Creating Jobs (Portal, API)

Learn how to create Jobs for data collection.

📘

Pipeline Required

If you do not yet have a Pipeline created, you should create a pipeline first. The Pipeline ID and Step ID will be required for adding Jobs to the correct Pipeline and step.

If you wish to manage Jobs via API, you will need to setup the Pipeline initially in the Portal UI. After setting up the Pipeline, you can create new Jobs through APIs.

Creating a Job within Portal

Within Portal, navigate to your Pipeline. If the Pipeline is running, you will need to select "Edit".

Then, you can select the Component that you wish to create Jobs for, and it will open a configuration Sidebar. Below setup you will have the ability to create a new job.

Example for Socialgist Blogs Ingress Component.

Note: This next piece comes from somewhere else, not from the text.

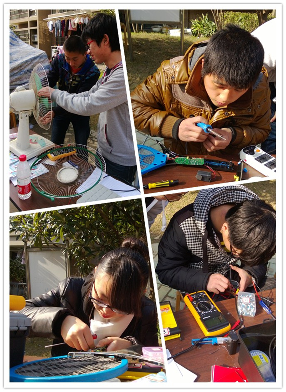 九时整,E志者们和虾龙圩社区的志愿者一起准时开始现场免费电器维修活动。社区志愿者们为居民们登记好送来的电器,E志者们则有条不紊地一件又一件拆卸、检查、维修坏掉的电器。活动开始后短短半小时,在挂着活动横幅的长桌上,就围拢了不少带着问题电器前来询问的社区居民。前来送修的电器中主要有台灯、电吹风、电扇、电蚊拍、电热水壶等,总计收到问题电器五十七件,成功维修三十五件,每件电器都做了详细的登记。

Example for Socialgist Blogs Ingress Component.

Jobs created will be visible below in "Current Jobs" and also the Pipeline Jobs Page, which is linkedin within.

Using APIs to Create a Job

Follow the Portal steps above to the Component configuration screen, while you will not need this screen to create further jobs, it is necessary to get the Step ID and Pipeline ID which form part of the request URL.

API calls to create Jobs are interacting with this Pipeline Component; so it is required to have both correct Pipeline ID and Step ID.

📘

Quick Tip

While creating an initial Job in the UI is not required, this allows the generated Code to already have much of the information you would need.

Selecting the "Code" button will provide a Snippet that you can use to generate additional Jobs through API. Selecting "Add" will manually add a Job.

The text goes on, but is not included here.